Südkoreas Präsidenten Moon Jae In deutete am Dienstag an, dass eine Verbesserung der innerkoreanischen Beziehungen nicht von der Lösung des Atomstreits getrennt werden könne. Südkorea stärkt wegen der Bedrohung durch nordkoreanische Atomraketen seine Raketenabwehr und organisiert regelmäßig gemeinsame Militärmanöver mit den USA.

Es wäre das ersten Treffen der Regierungen beider Länder seit mehr als zwei Jahren, sagte eine Sprecherin des Ministeriums. Seoul strebe ein Treffen am 9. Januar auf der Ebene von Ministern oder Vizeministern an. 

China begrüßte die Annäherung als «eine gute Sache». Peking unterstütze es, dass beide Seiten die Gelegenheit nutzen wollten, die Lage auf der koreanischen Halbinsel zu entspannen und diese atomwaffenfrei zu machen, sagte ein Sprecher des Außenministeriums.

Kommentatoren konservativer südkoreanischer Tageszeitungen wie der «Chosun Ilbo» warnten davor, dass Pjöngjang mit einer Annäherung an Seoul auch versuchen könnte, zwischen Südkorea und seinem Verbündeten USA einen Keil zu treiben. Die konservativen Oppositionsparteien riefen den sozialliberalen Präsidenten Moon Jae In zur Vorsicht auf.  

Nordkoreas Machthaber Kim Jong Un hatte in seiner Neujahrsansprache am Montag angeboten, eine Delegation zu den Olympischen Spielen in der grenznahen südkoreanischen Provinz Gangwon zu entsenden. Beide Länder könnten sich dazu sofort treffen, schlug er vor. 

Das Angebot an Südkorea verband der Diktator jedoch mit neuen Drohungen in Richtung der USA. Pjöngjang wirft Washington eine feindselige Politik vor. Die gesamten USA seien in Reichweite der nordkoreanischen Atomwaffen, betonte Kim. Der «Atomwaffenknopf» sei stets auf seinem Schreibtisch. 

Südkorea begrüßte dennoch Kims Gesprächsangebot. Moon wies das Außenministerium aber an, sich eng mit den Alliierten Südkoreas und der internationalen Gemeinschaft darüber abzustimmen, wie die Verbesserung des innerkoreanischen Verhältnisses und eine Beilegung des Atomstreits «zur gleichen Zeit» behandelt werden könnten.

Südkorea verlangt wie die USA von Nordkorea einen überprüfbaren Abbau des Atomprogramms. Moon äußerte seine Hoffnung, dass die Olympischen Spiele eine bahnbrechende Gelegenheit bieten könnten, «die Beziehungen zu verbessern und Frieden zu schaffen». 

Die Lage in der Region ist sehr angespannt, weil Nordkorea die Entwicklung von Mittelstrecken- und Interkontinentalraketen vorantreibt und neben Raketen auch Atombomben testet.

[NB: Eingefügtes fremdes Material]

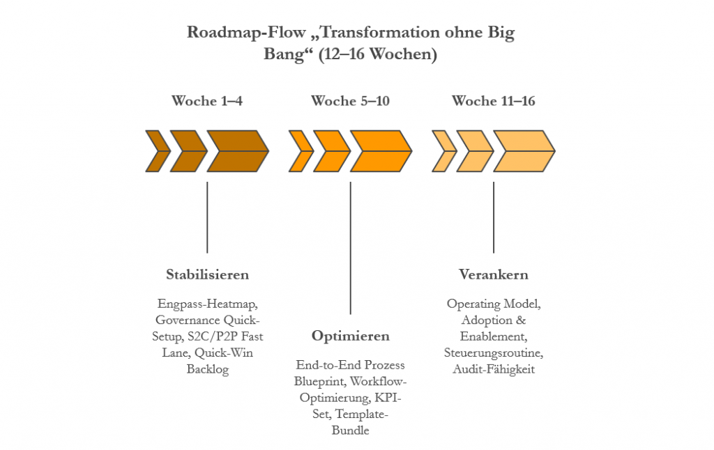 - Transformation Blueprint (12–16 Wochen Plan): priorisierte Roadmap, Maßnahmenlogik, Abhängigkeiten, Ressourcenmodell.

Der UN-Sicherheitsrat hat deswegen mit den Stimmen auch Russlands und Chinas schwere Sanktionen gegen Nordkorea verhängt, die jedoch das Land nicht zur Umkehr bewegen.

Moon hatte Nordkorea im vergangenen Juli Militärgespräche über Schritte zur Entspannungen und ein Treffen der Rot-Kreuz-Verbände beider Länder über humanitäre Fragen vorgeschlagen. Pjöngjang war aber nicht darauf eingegangen. 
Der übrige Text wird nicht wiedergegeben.